There was a time, a century ago or more, when reading novels was the normal thing: no TV, no Internet, no radio; a lot of entertainment was done by means of novels and a lot of ideas were passed in that way, too. Of that period, we remember a small number of novels that we define as masterpieces, but there was much more being written and being read. Looking at this "minor" production is a way to perform a sort of an archaeological task.
So, this book by Marcelle Tinayre (1901) appeared in my hands by mere chance and I read it over a summer afternoon: 93 pages (in the Italian translation). As I said, a little exercise in literary archeology for a book that, for us, looks light, even ethereal. Not the kind of book that a modern writer would write but - I can say - one that a modern reader can read.
The story is very simple: the protagonist is a woman, Martha, living in a real place, Château-d'Oléron, a small island on the South-Western coast of France. A simple woman for a simple story. Married to a staunch but not very exciting local doctor, she falls in love with a young Parisian intellectual who visits the island. Their love story produces a child and much repentance on the part of the protagonist who, eventually, stops seeing her lover and doesn't tell anything to her husband. It also includes dramatic descriptions of the local landscape. That's it, more or less.
So, a light story for a light novel, but worth some comments. This is not the work of an amateur. It is the work of a professional writer who completely masters the trade. Marcelle Tinayre has something to say and she knows how to say it. Again, for our modern tastes, her style would appear, well, let's use the term "florid". But we are probably obsessed with a rule that we invented and that states "don't tell, show," as if every narrative text were to be a script for a sitcom. Tinayre doesn't care. She shows a lot but she also tells a lot. The narrative viewpoint is normally focused on the protagonist, Martha, but the author is omniscient and she doesn't shy from telling us what the other characters think while they act in the novel. The result is, as I said, a bit florid but perfectly readable. Tinayre knows how not to exaggerate, she knows how to maintain the narrative flow, she knows how not to lose the reader's interest.
Then, the novel is not just entertaining, it carries a message. Narrative, indeed, is a mirror of the times when it is written and "The Petrel" is no exception to the rule. Tinayre, as many writers of the time, were exploring a concept that had taken a particular importance in their time: that of the infidelity of married women. Of course, that had been the subject of much literature from Sumerian times. But, most of the times, the infidel woman had been the target of scorn and punishment. Even when treated sympathetically, typically the infidel woman had to die at the end of the story (a good example is Dante's "Paolo and Francesca").
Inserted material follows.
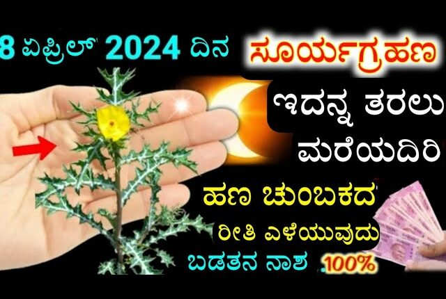 8 ಏಪ್ರಿಲ್ ಸೂರ್ಯ ಗ್ರಹಣ ಇದೆ. ಇದು ಪೂರ್ಣವಾದ ಸೂರ್ಯ ಗ್ರಹಣವಾಗಿದೆ. ಈ ಸೂರ್ಯಗ್ರಹಣ ಪೂರ್ಣವಾಗಿ ಹಿಡಿದಾಗ ಸ್ವಲ್ಪ ಸಮಯದ ತನಕ ಭೂಮಿ ಮೇಲೆ ಸೂರ್ಯನ ಪ್ರಕಾರ ಬರುವುದಿಲ್ಲ.ಹಾಗಾಗಿ ಈ ಸಮಯವನ್ನು ಪ್ರತಿಯೊಬ್ಬರೂ ಕಾಯುತ್ತಾರೆ. ಈ ದಿನ ನೀವು ಯಾವುದೇ ಪೂಜೆ ಪಾಠಗಳನ್ನು ಮಾಡಿದರು ಖಂಡಿತವಾಗಿ ಅದರ ಲಾಭಗಳು ಸಾವಿರಪಟ್ಟು ಸಿಗುತ್ತದೆ. ಇದರಿಂದ ನಿಮ್ನ ಜೀವನದಲ್ಲಿ ಇರುವ ಎಲ್ಲಾ ಕಷ್ಟಗಳಿಂದ ಮುಕ್ತಿ ಸಿಗುತ್ತದೆ. ಇನ್ನು ಸೂರ್ಯ ಗ್ರಹಣದ ಸಮಯದಲ್ಲಿ ಈ ಸಸ್ಯವನ್ನು ಹಚ್ಚಿದರೆ ನಿಮ್ಮ ಮನೆ ವೃದ್ಧಿಯಾಗುತ್ತದೆ ಮತ್ತು ನಿಮ್ಮ ಜೀವನದಲ್ಲಿ ಧನಸಂಪತ್ತಿನ ಆಗಮನ ಆಗುತ್ತದೆ.

Then, there came Flaubert and his "Madame Bovary," a true literary revolution. True, Flaubert's heroine still dies a horrible death, possibly as punishment for her sins. But, clearly, Emma Bovary is not evil, even though she has defects. She is a woman of her times and what she does deserves attention and understanding. It is clear that "The Petrel" is deeply influenced by "Madame Bovary", there are similarities in the plot: both novels tell of a young woman married to a country doctor. And the style of "The Petrel" resonates of Flaubert's, even though less perfect. Finally, Flaubert's novel is cited in Tinayre's novel, when we are told that Martha's good husband doesn't believe in the existence of women who could be defined with the term "Bovary."
Tynaire's novel came some 50 years after Flaubert's one and it couldn't attain the same notoriety of the precursor of the genre. Yet, as Borges says, human literature is just a single book and every author adds a new chapter to it. In this ongoing effort, Tinayre's chapter is not the least beautiful, rich, and interesting chapter of this big book. And it is an ongoing story of women gaining a space in society that they didn't have before. If long ago a cheating woman was at best possessed by the devil, with the series of stories that started with Flaubert, a lot of things changed. They are still changing and the book keeps being written. And, sometimes, we take a look at a chapter written long ago and forgotten, and we can rediscover it.